Data excerpt >>
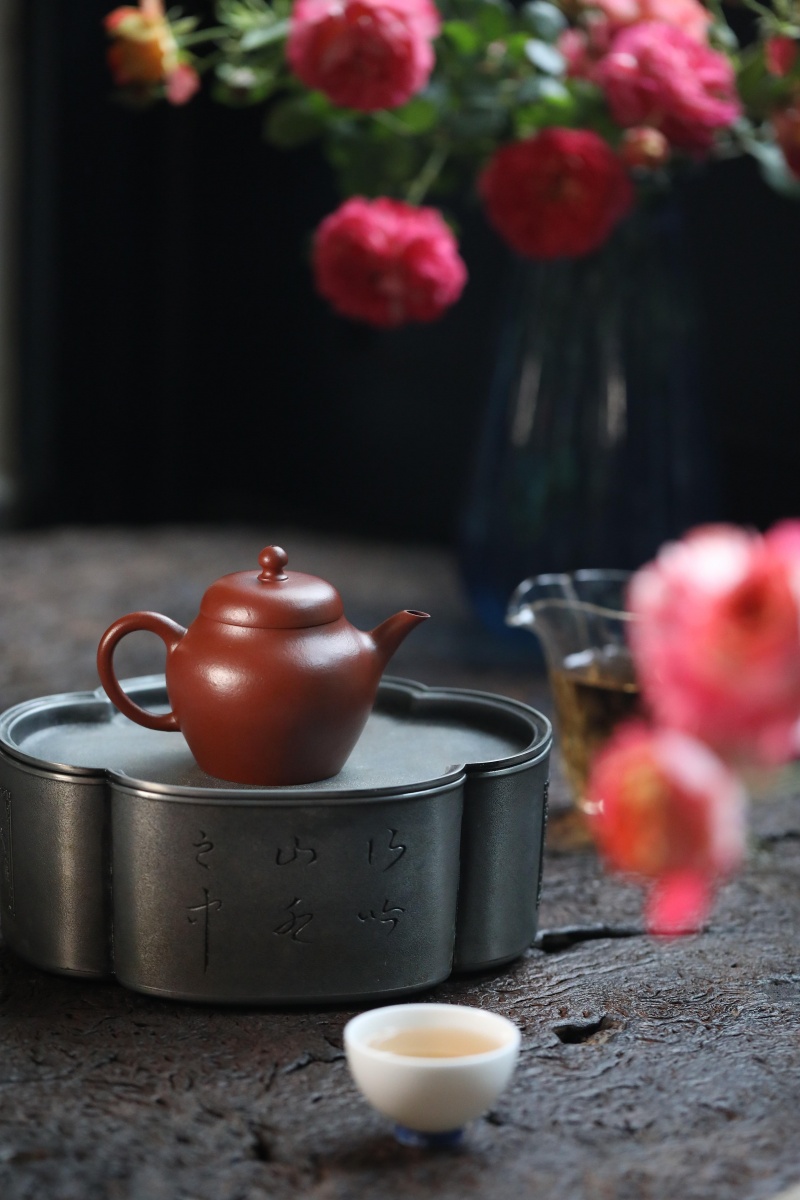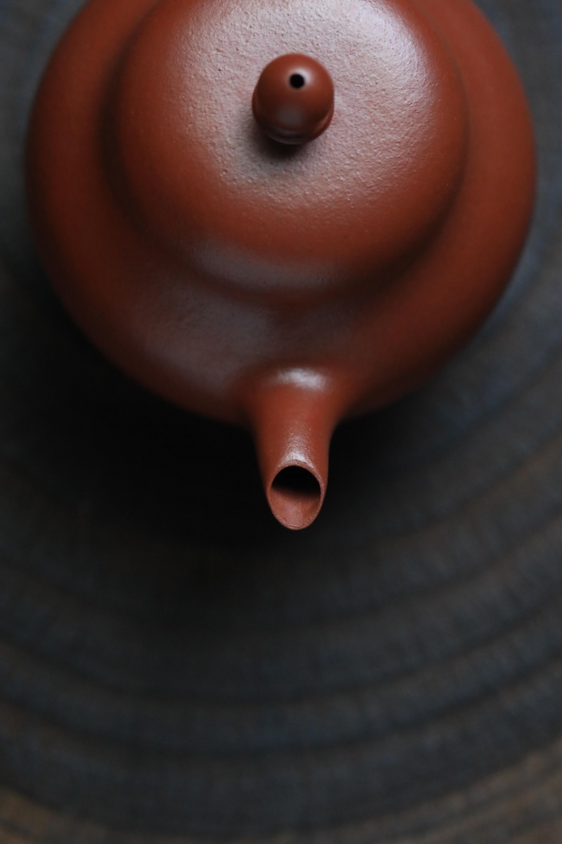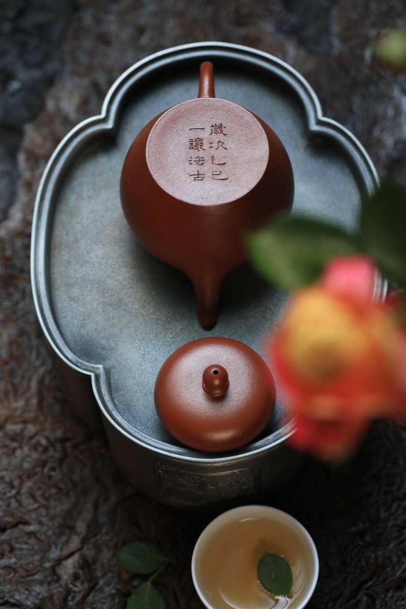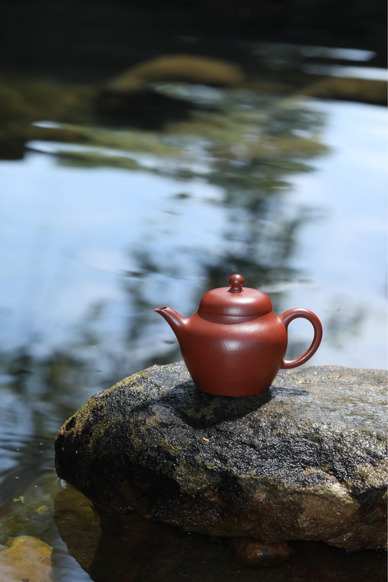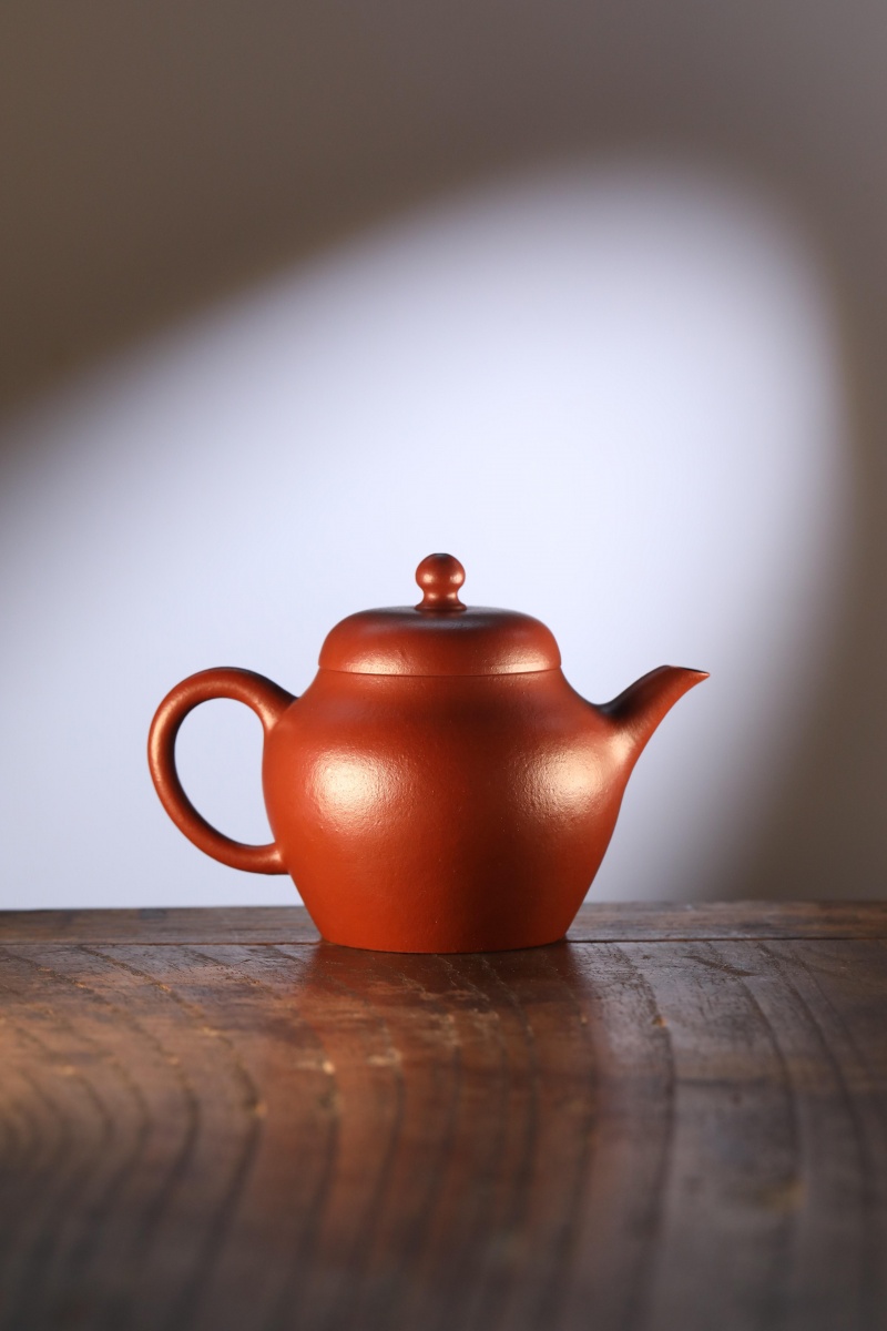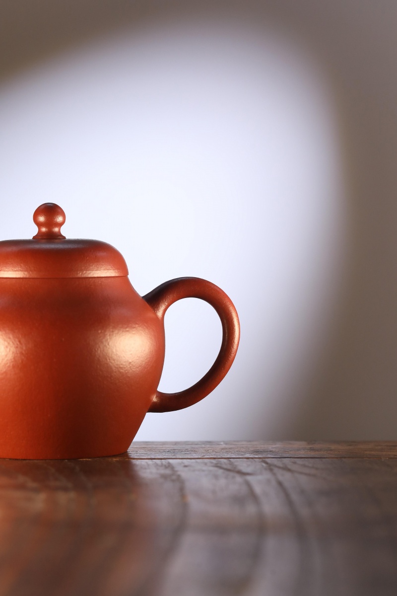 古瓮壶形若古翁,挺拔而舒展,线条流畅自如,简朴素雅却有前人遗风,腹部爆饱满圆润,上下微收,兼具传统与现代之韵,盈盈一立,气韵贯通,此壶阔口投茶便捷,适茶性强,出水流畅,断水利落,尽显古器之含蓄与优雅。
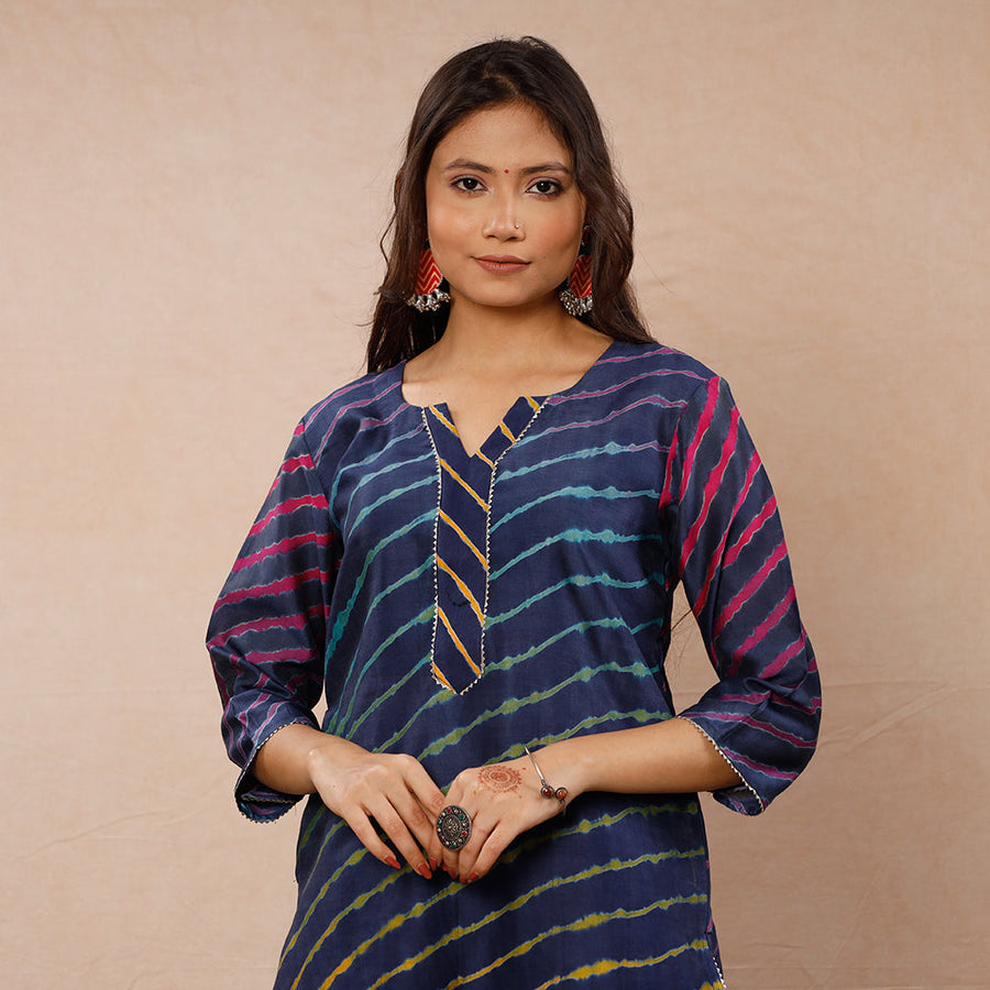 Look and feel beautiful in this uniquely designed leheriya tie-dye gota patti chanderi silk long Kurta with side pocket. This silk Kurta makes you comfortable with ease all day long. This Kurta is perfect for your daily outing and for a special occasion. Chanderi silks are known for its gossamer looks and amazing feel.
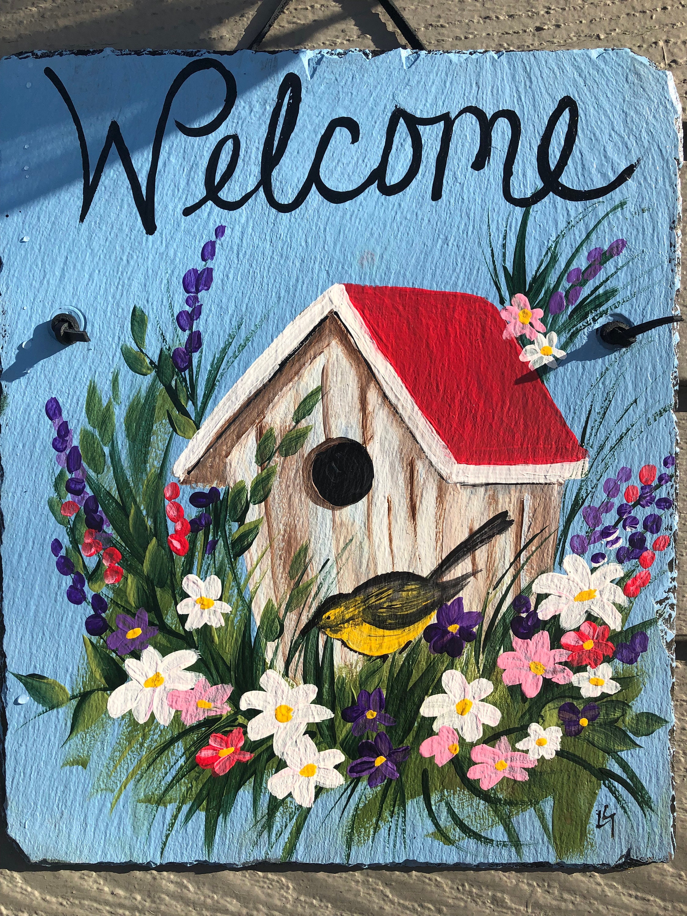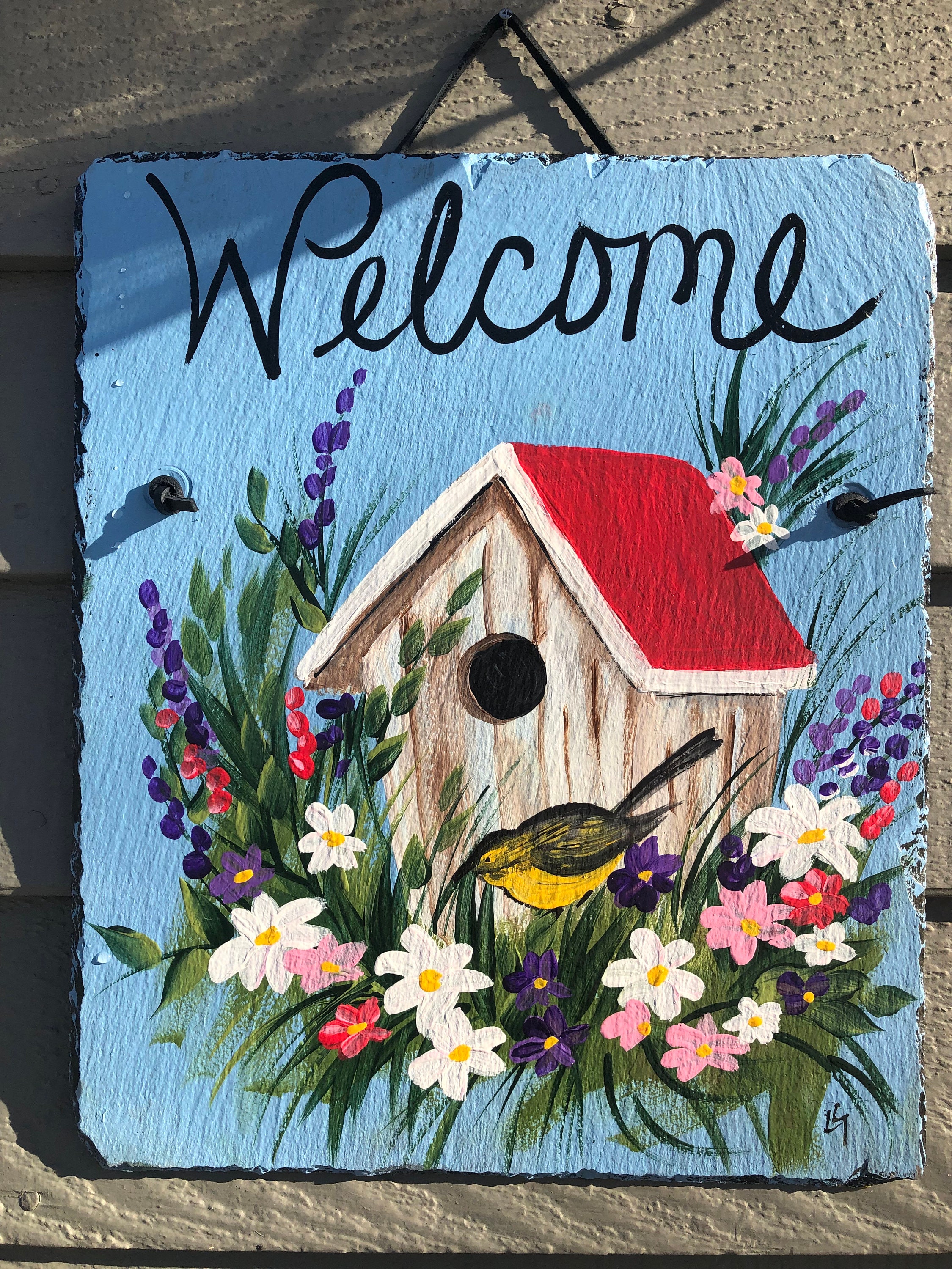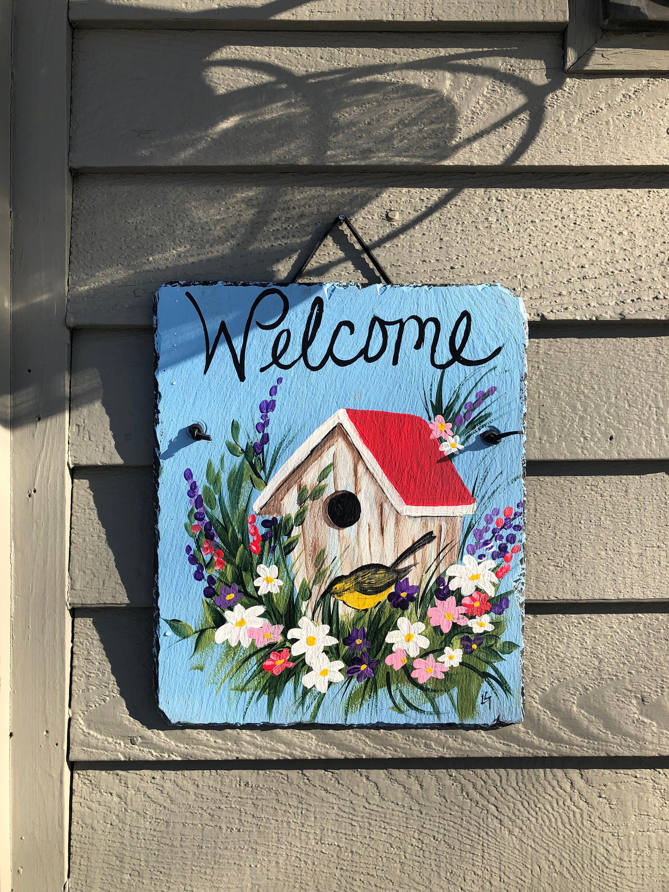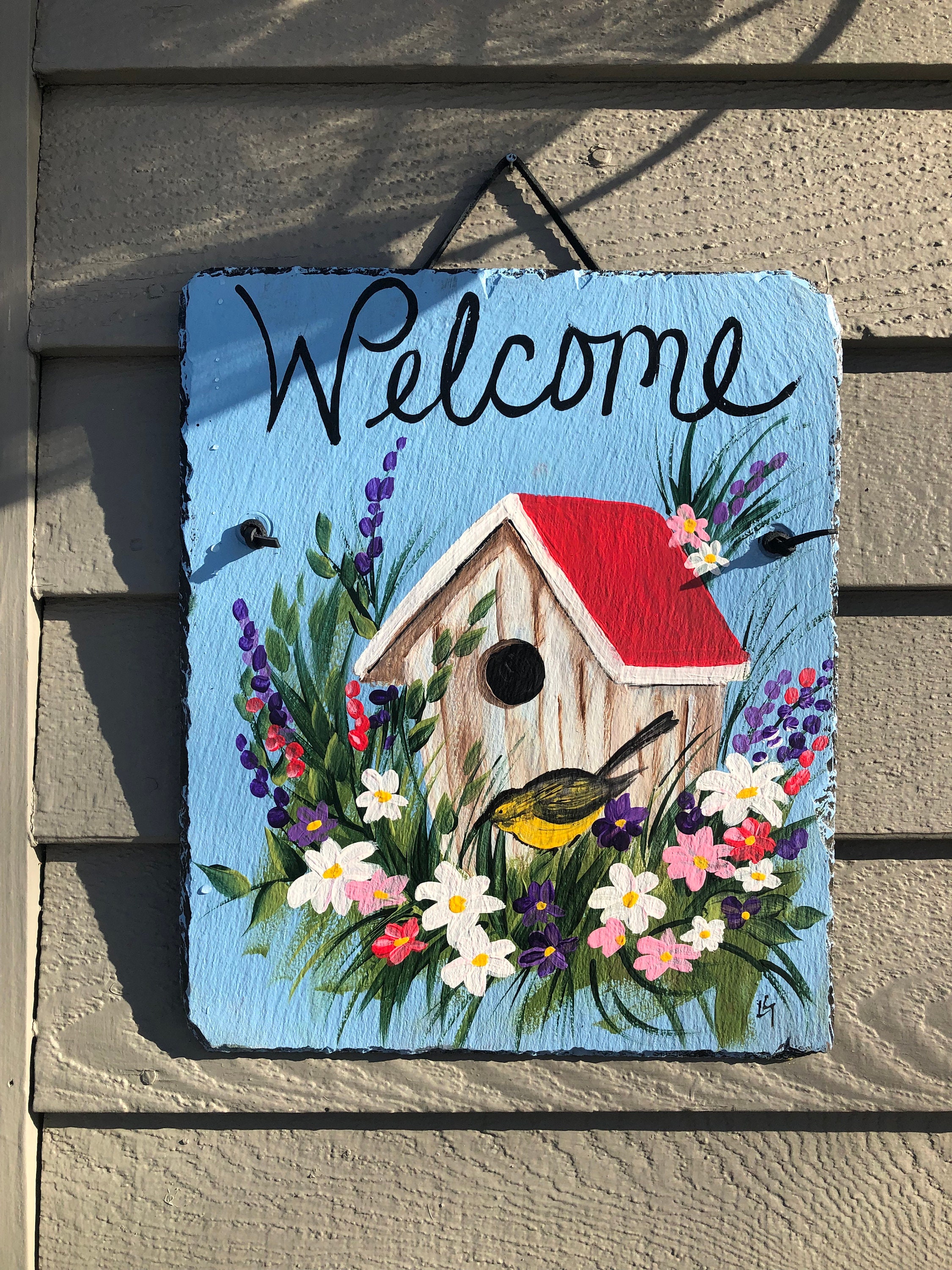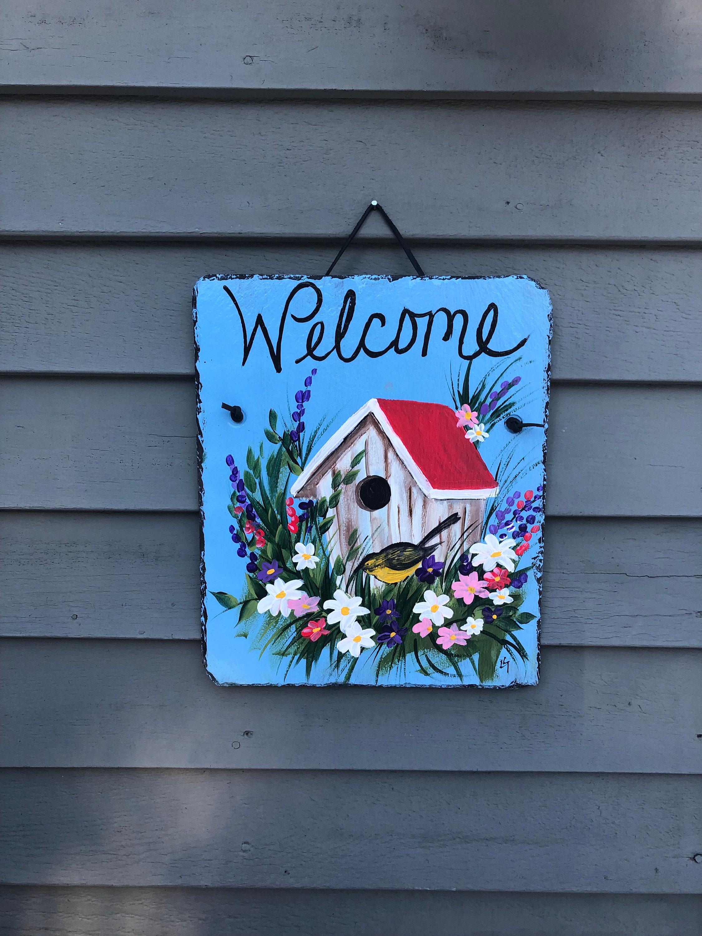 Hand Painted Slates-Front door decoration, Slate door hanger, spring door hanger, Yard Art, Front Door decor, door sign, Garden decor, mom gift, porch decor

Exercise requirements >>
Please write out all of the material above without changing a word, and omit any pictures.

Solution to this task >>
 古瓮壶形若古翁,挺拔而舒展,线条流畅自如,简朴素雅却有前人遗风,腹部爆饱满圆润,上下微收,兼具传统与现代之韵,盈盈一立,气韵贯通,此壶阔口投茶便捷,适茶性强,出水流畅,断水利落,尽显古器之含蓄与优雅。
 Look and feel beautiful in this uniquely designed leheriya tie-dye gota patti chanderi silk long Kurta with side pocket. This silk Kurta makes you comfortable with ease all day long. This Kurta is perfect for your daily outing and for a special occasion. Chanderi silks are known for its gossamer looks and amazing feel.
 Hand Painted Slates-Front door decoration, Slate door hanger, spring door hanger, Yard Art, Front Door decor, door sign, Garden decor, mom gift, porch decor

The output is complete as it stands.